The intent behind these actions is clear: China aims to safeguard its national interests and counter any attempts by the US to exert pressure through unilateral measures. By diversifying its toolkit and implementing targeted responses, China seeks to mitigate the impact of US policies on its economy and maintain its position in the global arena. However, the escalation of trade tensions and technological competition between the two countries underscores the fragility of the US-China relationship and the potential for further deterioration.

On November 6, 2024, a spokesperson for the Foreign Ministry stated that China respects the American people’s choice in their election. In response to questions at a regular press conference, the spokesperson emphasized that China’s policy toward the US has been consistent and declined to comment on the possibility of Washington imposing additional tariffs on imports from China.

On November 7, 2024, President Xi Jinping called Donald Trump to congratulate him on his election as President of the United States. Xi noted “History teaches us that cooperation between China and the U.S. benefits both sides, while conflict harms both. A stable, healthy, and sustainable China-U.S. relationship aligns with the common interests of both countries and the expectations of the international community.”

Business impact and policy considerations

The potential impact of Trump’s 2024 presidential victory on businesses spans increased supply chain disruptions, heightened market volatility, and a more uncertain investment and regulatory landscape.

Under Trump’s administration, US-China relations are likely to remain tense. His approach may introduce further unpredictability, and his broader trade policies could potentially ignite another trade war.

Academic and research collaboration could also face new challenges, potentially stifling innovation and knowledge-sharing. Additional US investment restrictions on China could complicate operations for American companies, making business conditions in China more challenging.

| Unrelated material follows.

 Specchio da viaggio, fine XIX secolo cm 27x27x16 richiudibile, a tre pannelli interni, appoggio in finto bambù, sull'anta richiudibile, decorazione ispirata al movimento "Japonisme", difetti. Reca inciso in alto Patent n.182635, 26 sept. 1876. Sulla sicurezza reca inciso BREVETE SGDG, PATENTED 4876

Supply chain disruptions and market volatility remain critical concerns, particularly given trade tariffs and possible countermeasures from China. Any escalation in military tensions within the Asia-Pacific region could further amplify these disruptions, impacting market stability.

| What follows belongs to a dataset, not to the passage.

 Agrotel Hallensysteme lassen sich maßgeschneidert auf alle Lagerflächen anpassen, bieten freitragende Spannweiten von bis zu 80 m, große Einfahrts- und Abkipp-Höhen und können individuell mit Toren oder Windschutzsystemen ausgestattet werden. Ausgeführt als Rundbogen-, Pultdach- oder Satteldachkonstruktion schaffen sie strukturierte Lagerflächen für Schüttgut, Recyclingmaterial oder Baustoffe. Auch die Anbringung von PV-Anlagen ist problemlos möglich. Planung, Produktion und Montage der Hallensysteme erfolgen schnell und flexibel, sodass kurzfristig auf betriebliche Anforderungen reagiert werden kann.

Overall, the investment climate and regulatory environment could experience increased strain, with American companies at risk of being caught in diplomatic conflicts between the two nations. Notably, China has thus far refrained from targeting US companies specifically, instead working to attract foreign investment and enhance the business environment for international companies.

Preparing for Trump’s second term

US and Chinese companies should prioritize diversifying their supply chains and incorporating potential trade tensions into their strategic planning to mitigate disruption risks. Assessing risk exposure in both markets, especially with regard to tariffs and export controls, will be essential.

Stakeholders must remain vigilant and proactive, closely monitoring policy developments to better manage potential impacts on business operations.

Continuous analysis and adaptation are also imperative for navigating the evolving geopolitical landscape. Given the complexity of US-China relations, companies need to regularly adjust their strategies to align with shifting policies and market conditions. This adaptability will be critical for businesses to capitalize on opportunities, manage risks, and maintain resilience amid ongoing geopolitical tensions.